A long time ago, she had found out what her father looked like.
She knew his name was Sonny Braxton and she’d decided that when she was on the circuit, she was going to find him.
She hadn’t decided what she would say to him, but she was determined to tell him how much he had let her down, and her mother, too.
“I mean that you’re so understanding and willing to help me,” she said. “Even some of the cowhands older than you don’t have the time of day for the boss’s kid. I guess what I’m trying to say is, thank you.”
With a satisfied smile, Ellie innocently opened the door to leave, unaware of the blow she’d just dealt him.
His throat constricted and he suddenly found things blurring the room.
He couldn’t answer, so he nodded. He didn’t raise his head until the door clicked shut.
He didn’t know how much more he could take before he was broken completely in half.

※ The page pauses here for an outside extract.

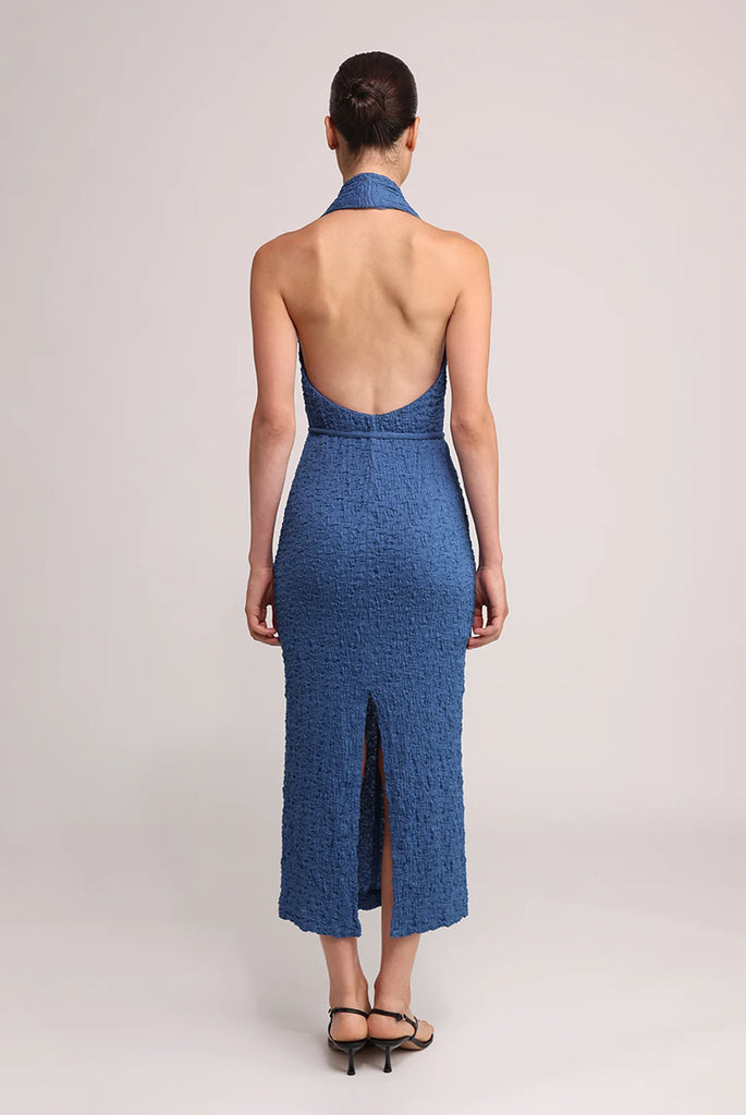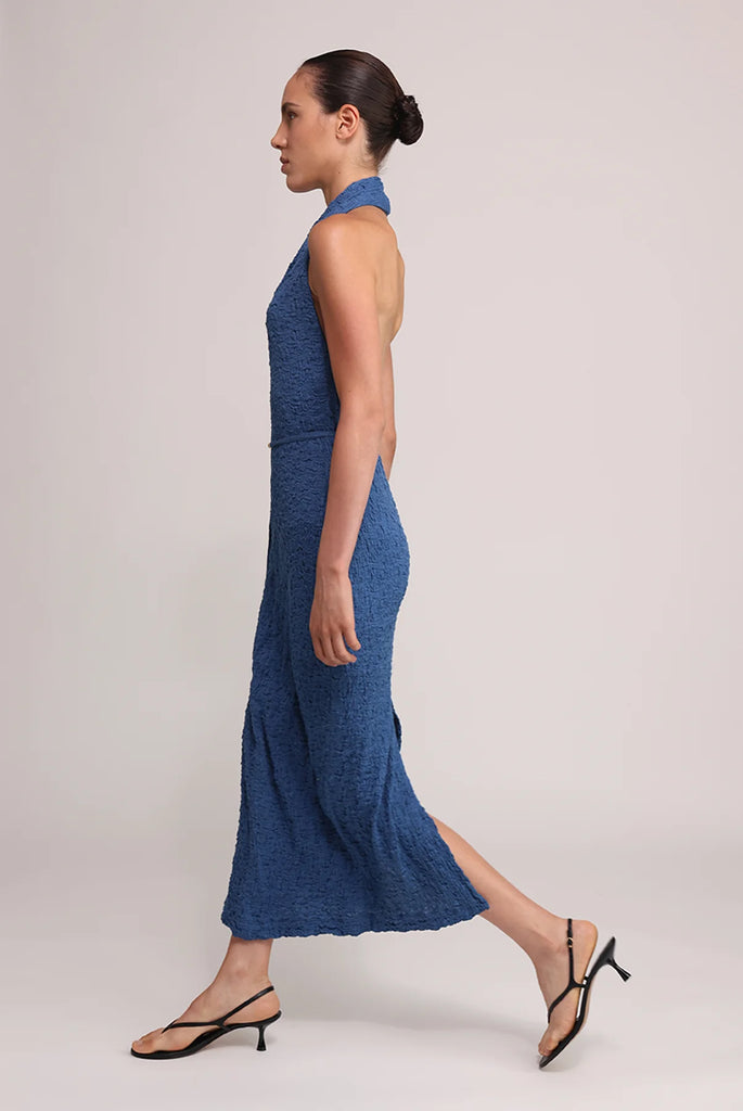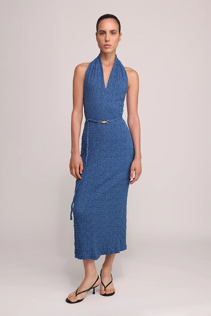 • Casual crinkled knit halter neck midi dress by Sabina Musayev.

Maybe he had been wrong to come here and stir up her feelings for a father she’d never had.
He was going to hurt her when he left and suddenly he couldn’t bear that.
Raw gut-clenching pain racked him and he rose from the chair and went to the easel near the window.

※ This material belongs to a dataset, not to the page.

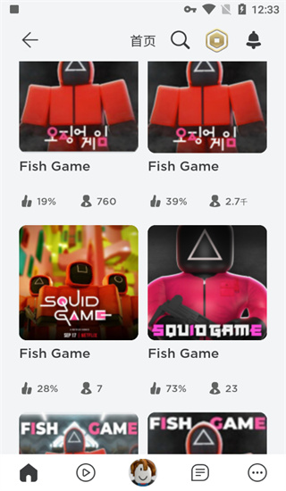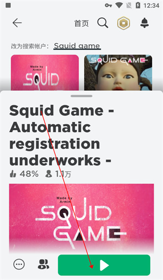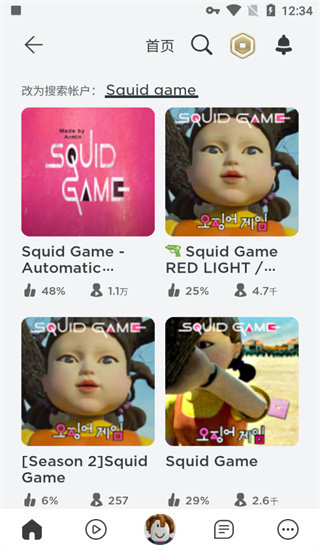 2、Squid game模式如何进入?依旧是从首页中通过放大镜图标那里点击进行搜索,通过输入"Squid game"就能快速的获取所有该游戏下所有该模式相关的房间;

He’d painted the forbidden picture again.
He removed the white cloth he’d draped over it last night.
Some of the paint had rubbed off onto it.
He hadn’t slept, just painted at a frantic pace.
Just looking at it was as painful as Ellie’s words.
It was his fondest wish brought to life.
Deliberately he picked up the knife lying on the table and made the first cut.
It hurt physically. Each stroke burned in his heart, scarred his soul.
But he didn’t stop until the destruction was complete.
The destruction of his dream. And without dreams, there could be no hope.